Beginning with the line containing "Selling a brand" and ending with the line containing "秋日的山丹马场草原,远处连绵", write out each line of the records below exactly; pictures and lines outside that range are left out.

> **PROVIDED DATA**:
----------------------------------------

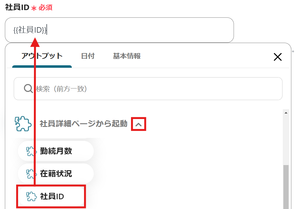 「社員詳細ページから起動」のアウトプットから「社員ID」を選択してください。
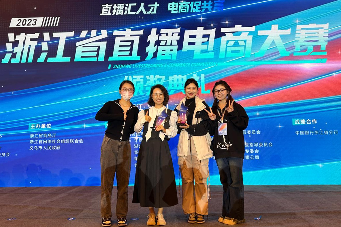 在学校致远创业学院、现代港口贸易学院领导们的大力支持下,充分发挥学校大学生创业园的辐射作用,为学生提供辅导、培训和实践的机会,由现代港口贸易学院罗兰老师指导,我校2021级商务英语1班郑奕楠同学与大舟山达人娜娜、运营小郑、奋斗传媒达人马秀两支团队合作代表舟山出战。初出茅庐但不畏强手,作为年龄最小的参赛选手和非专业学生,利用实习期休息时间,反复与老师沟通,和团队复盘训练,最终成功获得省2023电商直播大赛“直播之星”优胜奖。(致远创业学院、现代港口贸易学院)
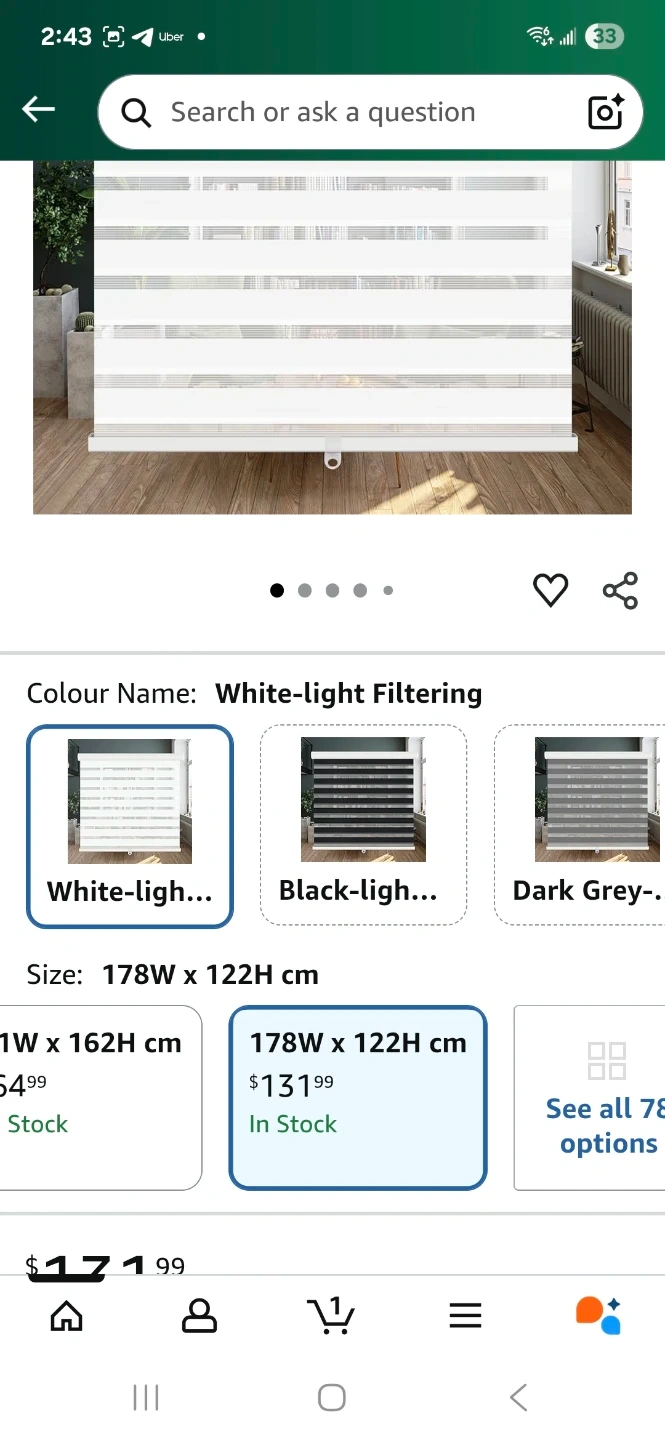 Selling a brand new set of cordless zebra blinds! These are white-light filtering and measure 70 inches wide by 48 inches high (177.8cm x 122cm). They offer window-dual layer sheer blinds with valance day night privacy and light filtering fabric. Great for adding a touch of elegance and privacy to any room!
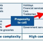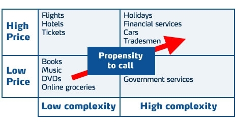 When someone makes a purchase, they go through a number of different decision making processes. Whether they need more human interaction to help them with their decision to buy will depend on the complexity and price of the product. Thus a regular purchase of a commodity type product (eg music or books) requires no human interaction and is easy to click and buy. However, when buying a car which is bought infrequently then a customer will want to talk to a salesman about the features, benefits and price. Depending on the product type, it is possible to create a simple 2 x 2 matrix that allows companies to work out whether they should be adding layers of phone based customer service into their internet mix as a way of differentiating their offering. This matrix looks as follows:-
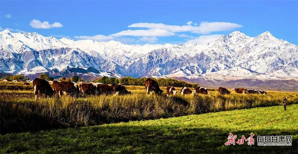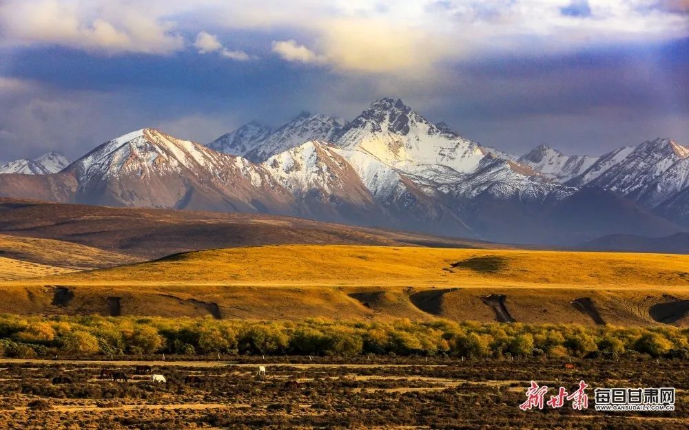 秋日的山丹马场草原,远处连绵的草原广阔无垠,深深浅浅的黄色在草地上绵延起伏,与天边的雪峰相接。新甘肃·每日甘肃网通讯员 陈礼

----------------------------------------

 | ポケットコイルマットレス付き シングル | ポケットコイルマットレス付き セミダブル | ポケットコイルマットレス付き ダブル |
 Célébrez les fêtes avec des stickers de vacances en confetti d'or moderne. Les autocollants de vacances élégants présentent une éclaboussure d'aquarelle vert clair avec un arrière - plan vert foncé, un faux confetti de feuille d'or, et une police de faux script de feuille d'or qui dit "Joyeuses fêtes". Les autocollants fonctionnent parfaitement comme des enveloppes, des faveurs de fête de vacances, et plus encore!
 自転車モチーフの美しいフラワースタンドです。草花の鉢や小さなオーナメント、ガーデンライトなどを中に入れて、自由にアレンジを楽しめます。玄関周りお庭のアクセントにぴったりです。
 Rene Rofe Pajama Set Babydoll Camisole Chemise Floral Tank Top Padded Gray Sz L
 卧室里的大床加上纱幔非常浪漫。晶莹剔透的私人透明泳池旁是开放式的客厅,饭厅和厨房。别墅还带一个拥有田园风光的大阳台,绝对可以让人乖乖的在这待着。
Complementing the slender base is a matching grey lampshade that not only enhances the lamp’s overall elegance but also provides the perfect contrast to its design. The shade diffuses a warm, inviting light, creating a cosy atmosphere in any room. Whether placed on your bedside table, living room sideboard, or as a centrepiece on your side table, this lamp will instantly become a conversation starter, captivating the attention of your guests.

----------------------------------------

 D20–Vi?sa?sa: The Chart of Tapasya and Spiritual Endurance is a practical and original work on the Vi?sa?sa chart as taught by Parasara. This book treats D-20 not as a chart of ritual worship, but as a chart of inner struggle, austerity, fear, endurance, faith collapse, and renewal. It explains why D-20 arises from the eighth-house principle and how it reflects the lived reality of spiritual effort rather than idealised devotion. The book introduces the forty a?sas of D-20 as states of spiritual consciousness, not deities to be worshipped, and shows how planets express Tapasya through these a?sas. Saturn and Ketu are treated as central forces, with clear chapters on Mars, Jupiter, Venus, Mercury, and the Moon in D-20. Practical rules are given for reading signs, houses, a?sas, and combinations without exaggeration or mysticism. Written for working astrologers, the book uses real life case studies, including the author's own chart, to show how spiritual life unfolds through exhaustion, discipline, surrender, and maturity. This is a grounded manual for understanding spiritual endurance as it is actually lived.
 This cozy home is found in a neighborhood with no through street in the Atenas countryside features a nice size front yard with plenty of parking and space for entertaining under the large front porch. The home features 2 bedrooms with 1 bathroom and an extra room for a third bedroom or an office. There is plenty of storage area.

----------------------------------------

> **EXERCISE RESULT**:
 Selling a brand new set of cordless zebra blinds! These are white-light filtering and measure 70 inches wide by 48 inches high (177.8cm x 122cm). They offer window-dual layer sheer blinds with valance day night privacy and light filtering fabric. Great for adding a touch of elegance and privacy to any room!
 When someone makes a purchase, they go through a number of different decision making processes. Whether they need more human interaction to help them with their decision to buy will depend on the complexity and price of the product. Thus a regular purchase of a commodity type product (eg music or books) requires no human interaction and is easy to click and buy. However, when buying a car which is bought infrequently then a customer will want to talk to a salesman about the features, benefits and price. Depending on the product type, it is possible to create a simple 2 x 2 matrix that allows companies to work out whether they should be adding layers of phone based customer service into their internet mix as a way of differentiating their offering. This matrix looks as follows:-
 秋日的山丹马场草原,远处连绵的草原广阔无垠,深深浅浅的黄色在草地上绵延起伏,与天边的雪峰相接。新甘肃·每日甘肃网通讯员 陈礼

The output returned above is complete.